Give again, exactly as written, the lines of the records below from the line with "El documento ofrece" to the line with "Также приветствуются контрастные". Both end lines count; pictures do not.

++++ Dataset excerpts

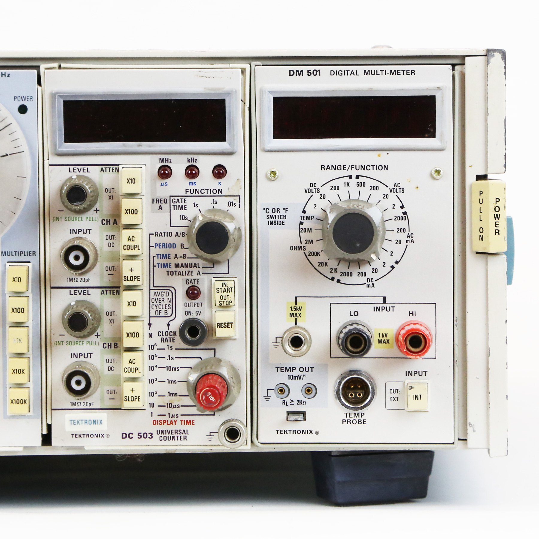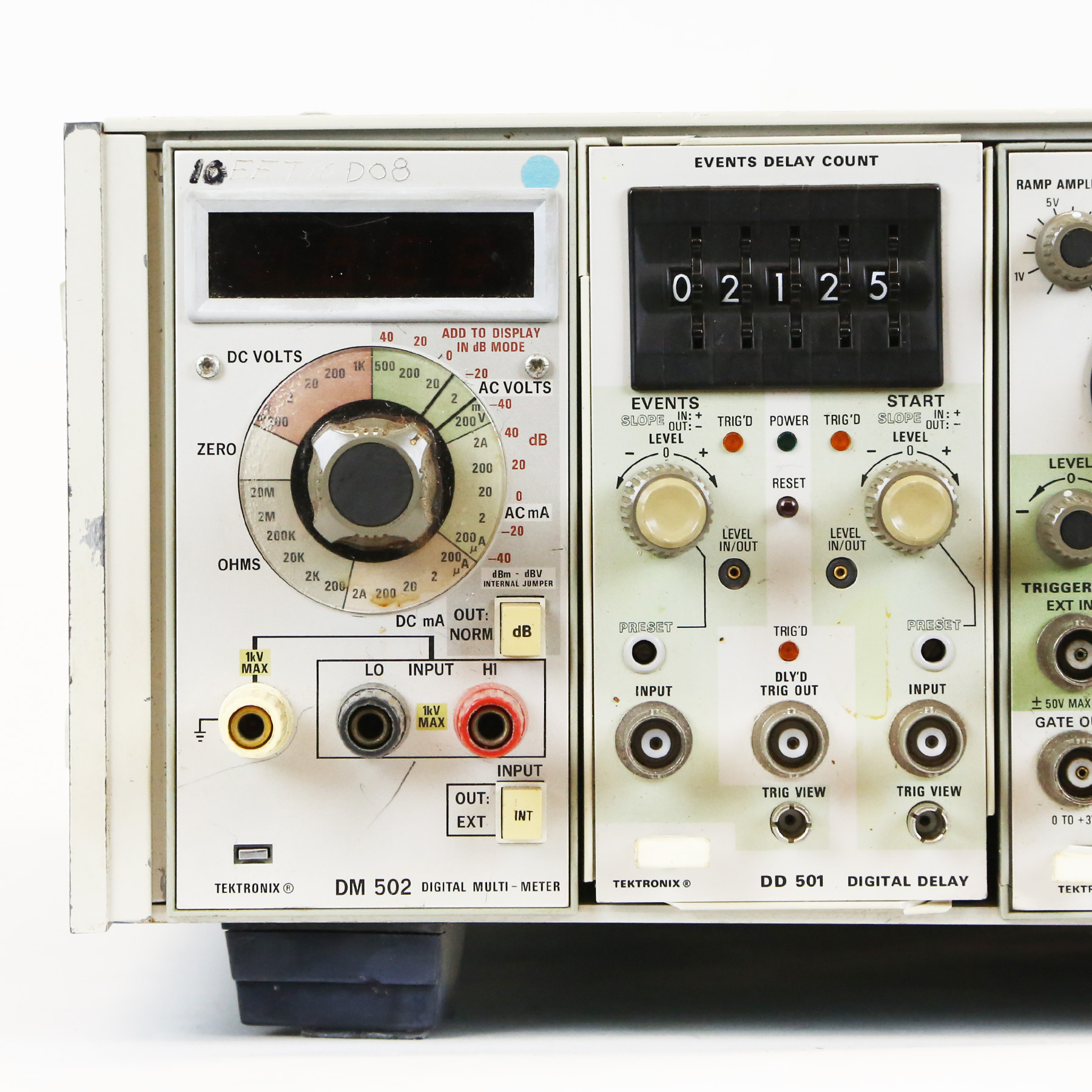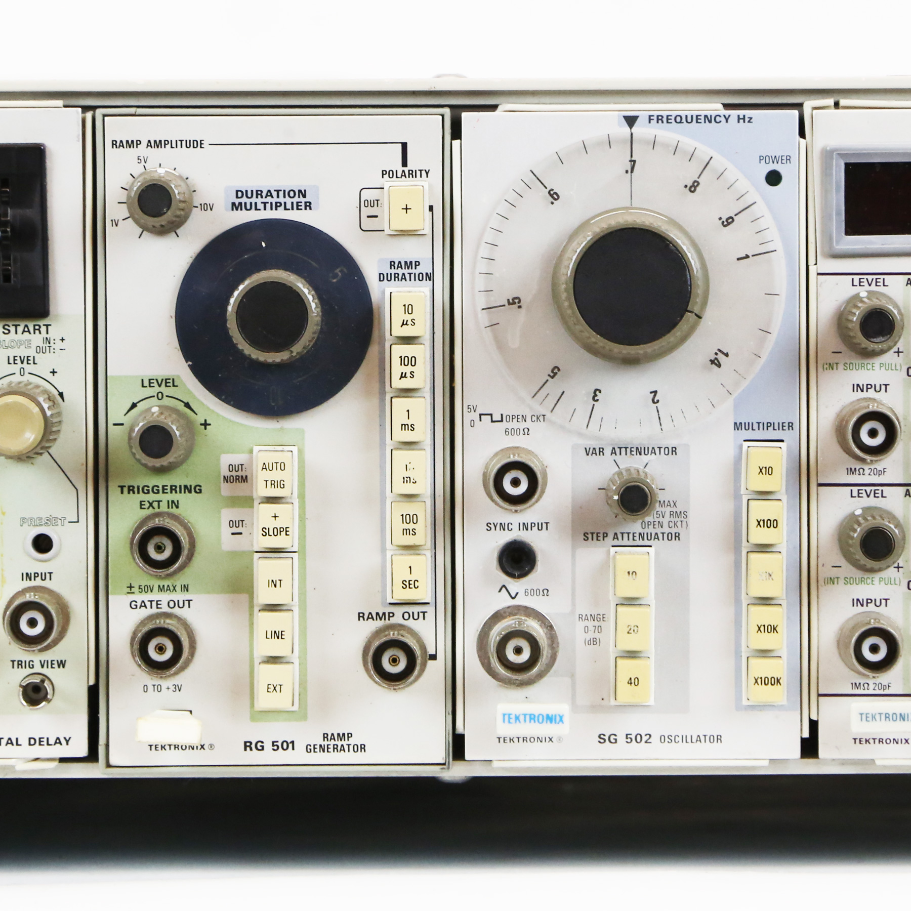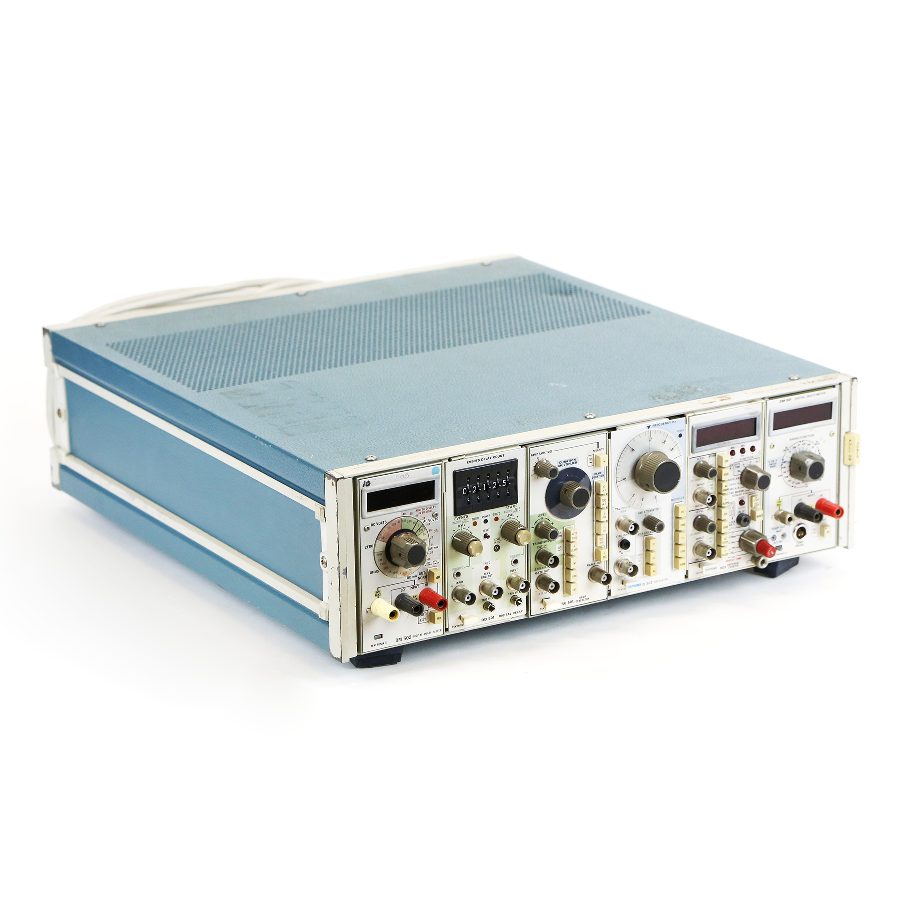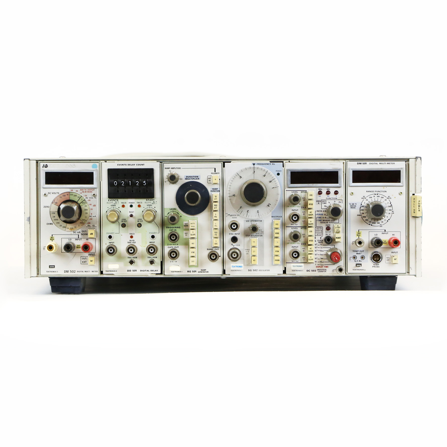 – Features include: DM 501 Digital Multi-Meter, DD 501 Digital Delay, RG 501 Ramp Generator, DM 502 Digital Multi-Meter, SG 502 Oscillator, and DC 503 Universal Counter.
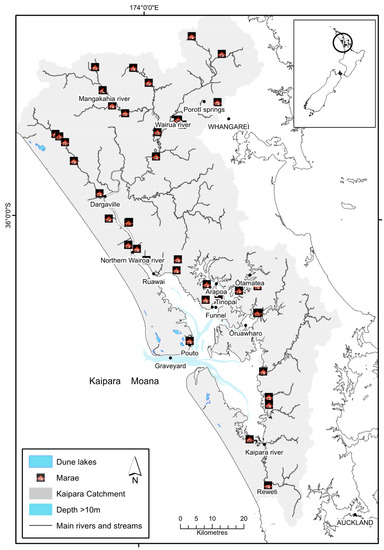 - Paul, D.H.; Munro, T.; Carter, M.; Norris, L.; Nathan, R. Whatitiri: “The Lands, the Peoples and Their Water”. Report Prepared for Te Paparahi o Te Raki Inquiry Wai 1040; Waitangi Tribunal: Wellington, New Zealand, 2012.
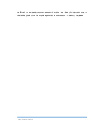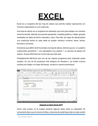 El documento ofrece una guía completa sobre el uso de Microsoft Excel, destacando su capacidad para manejar hojas de cálculo, realizar cálculos mediante fórmulas, y generar gráficos. Se explica cómo identificar celdas y rangos, así como el uso de funciones predefinidas como SUMAR.SI y PROMEDIO. También se abordan técnicas de manipulación de datos, incluyendo suma, resta, multiplicación y división, junto con ejemplos prácticos de aplicación.
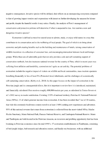 self-sustaining conservation. (Kirby et al., 2010) As this paper focuses on the impact of ecotourism in the
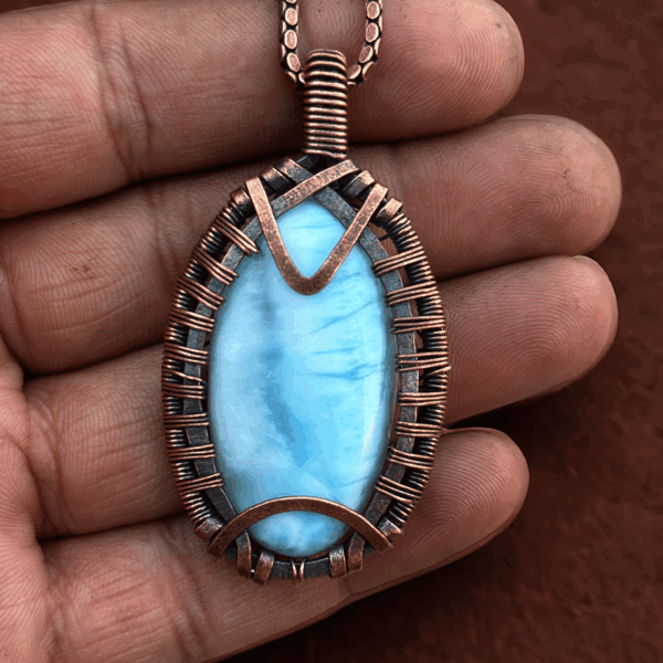 Larimar copper pendant jewelry is more than just an accessory; it’s a fusion of elegance and wellness. Each piece is meticulously crafted, ensuring that the larimar is securely set within the copper framework. This combination results in a pendant that is not only visually stunning but also imbued with the calming energies of larimar and the healing properties of copper.
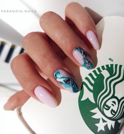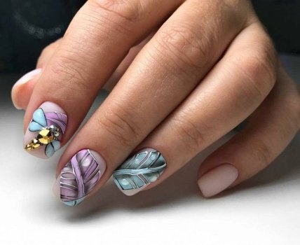 Также приветствуются контрастные элементы и совмещение близких тонов. Дополнить такой нейл-арт можно при помощи фольги, блестков или зеркальной втирки.
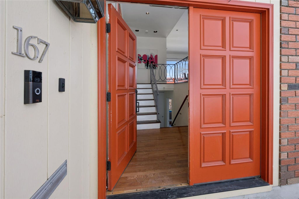This single family contemporary home is located in Hastings-on-Hudson with breathtaking year-round views of the Hudson River and Palisades. This spacious residence offers 2,620 square feet of primary living space plus 436 sf of additional finished lower level space which walks out to the yard. Open, light-filled, modern, peaceful, and comfortable are all words that will come to mind as you explore 4 bedrooms (lives as a 5 bedroom) and two and a half bathrooms. The home's architectural charm is highlighted by recent renovations of built-ins and expansive floor-to-ceiling windows that flood the space with natural light. The main level boasts beautiful natural hardwood floors and a cozy fireplace, perfect for relaxing evenings. The beautiful kitchen is efficiently designed with double Thermador built-in ovens, and stainless appliances and views of the river and the Palisades while cooking. The adjacent dining area and living room provide ample space for entertaining guests with floor to ceiling windows that bring the outdoors inside. There is also a 4th bedroom or den plus a full bath completing the main floor. Down one level, you'll find three bedrooms, each offering a serene retreat with generous closet space. The primary suite includes an en-suite bathroom, offering privacy and convenience, plus a private deck facing the river. Two additional bedrooms and hall bath complete the bedroom level. The lower level has additional storage space which can be tailored to your needs, a gym/yoga studio, plus two rooms that are great as offices or playrooms; both have access to the backyard. The home also features a media/recreation room, ideal for movie nights or game days. The tile floors and central AC ensure comfort year-round. A powder room and laundry area with a washer and dryer add to the home's functionality. Discover the perfect blend of comfort and style at 167 Broadway. This home presents a unique opportunity to enjoy all that Hastings-on-Hudson has to offer. There's parking on Broadway, or you can drive down to the front of the home into the garage. Don't miss your chance to make this house your new home.
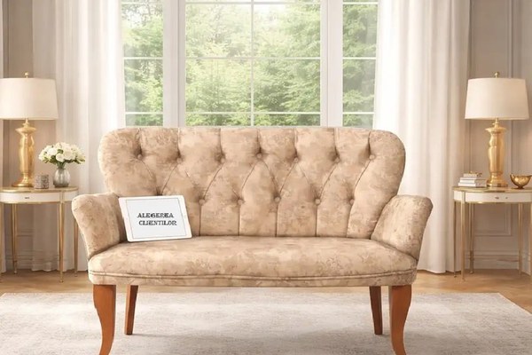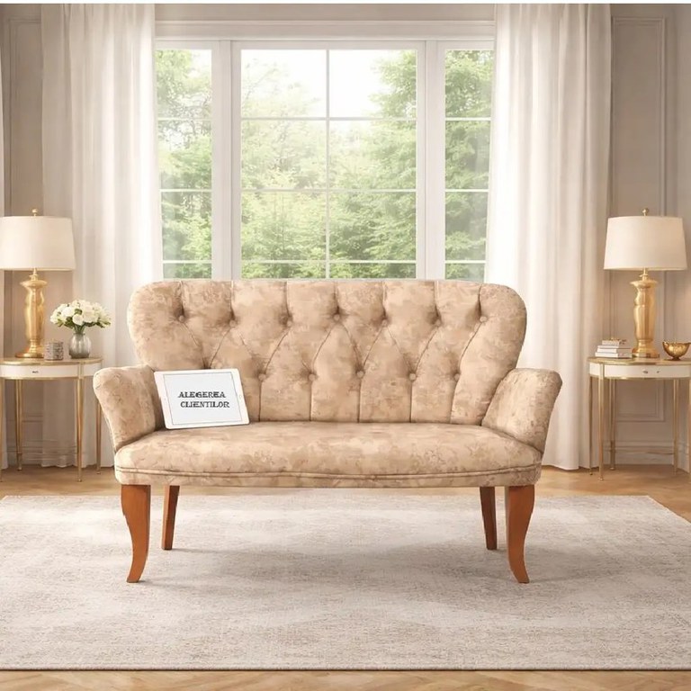 Canapea 2 locuri Berta bej – design Chesterfield elegant pentru spații rafinateCanapea de 2 locuri Berta aduce un aer sofisticat și primitor în orice încăpere. Modelul este tapițat într-o stofă premium bej-auriu, cu textură fină și completat de picioare din lemn sculptat. Canapeaua Berta este potrivită atât pentru livingurile elegante, cât și pentru holuri, recepții, cafenele sau restaurante în care designul elegant este o prioritate. Spătarul înalt, ușor arcuit, este evidențiat de butonii tip Chesterfield, îmbrăcați în același material rafinat, dispuși într-un model clasic romboidal. Tapițeria reflectă delicat lumina, iar picioarele înalte, din lemn, cu formă cabriole, completează aspectul clasic și asigură o bună stabilitate piesei.Caracteristici și avantaje ale canapelei de 2 locuri Berta Design Chesterfield autentic, model clasic cu butoni.Tapițerie premium, în nuanță bej-auriu, cu textură plăcută la atingere și aspect rafinat.Spătar înalt și ușor curbat, pentru un nivel ridicat de confort.Picioare din lemn masiv, sculptate în stil clasic cabriole, pentru stabilitate și eleganță.Format compact de 2 locuri, ideal pentru livinguri, holuri, recepții sau spații HoReCa.Design versatil, potrivit pentru amenajări clasice, baroce, vintage sau eclectic moderne.Montaj simplu – produsul se livrează neasamblat, fiind necesară fixarea picioarelor.DimensiuniLungime: 130 cmAdâncime: 65 cmÎnălțime picioare: 34 cmMaterialeTapițerie: stofă premium, finisaj bej-auriuStructură și picioare: lemn, finisaj maroDescoperă și alte canapele și fotolii, canapele extensibile sau fotolii fixe sau extensibile, și completează amenajarea cu mese de cafea și piese decorative, pentru un spațiu plin de personalitate.
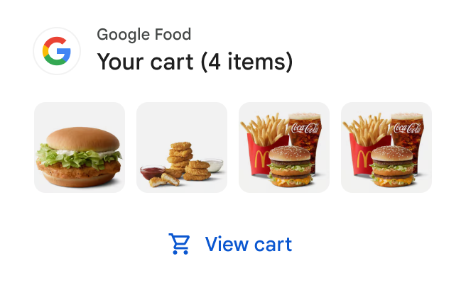 फ़ूड शॉपिंग कार्ट क्लस्टर में, कार्ट में मौजूद आइटम की कुल संख्या दिखनी चाहिए. इसमें उपयोगकर्ता के कार्ट में मौजूद X आइटम की इमेज भी शामिल हो सकती हैं.

++++++++

| Result |
 El documento ofrece una guía completa sobre el uso de Microsoft Excel, destacando su capacidad para manejar hojas de cálculo, realizar cálculos mediante fórmulas, y generar gráficos. Se explica cómo identificar celdas y rangos, así como el uso de funciones predefinidas como SUMAR.SI y PROMEDIO. También se abordan técnicas de manipulación de datos, incluyendo suma, resta, multiplicación y división, junto con ejemplos prácticos de aplicación.
 self-sustaining conservation. (Kirby et al., 2010) As this paper focuses on the impact of ecotourism in the
 Larimar copper pendant jewelry is more than just an accessory; it’s a fusion of elegance and wellness. Each piece is meticulously crafted, ensuring that the larimar is securely set within the copper framework. This combination results in a pendant that is not only visually stunning but also imbued with the calming energies of larimar and the healing properties of copper.
 Также приветствуются контрастные элементы и совмещение близких тонов. Дополнить такой нейл-арт можно при помощи фольги, блестков или зеркальной втирки.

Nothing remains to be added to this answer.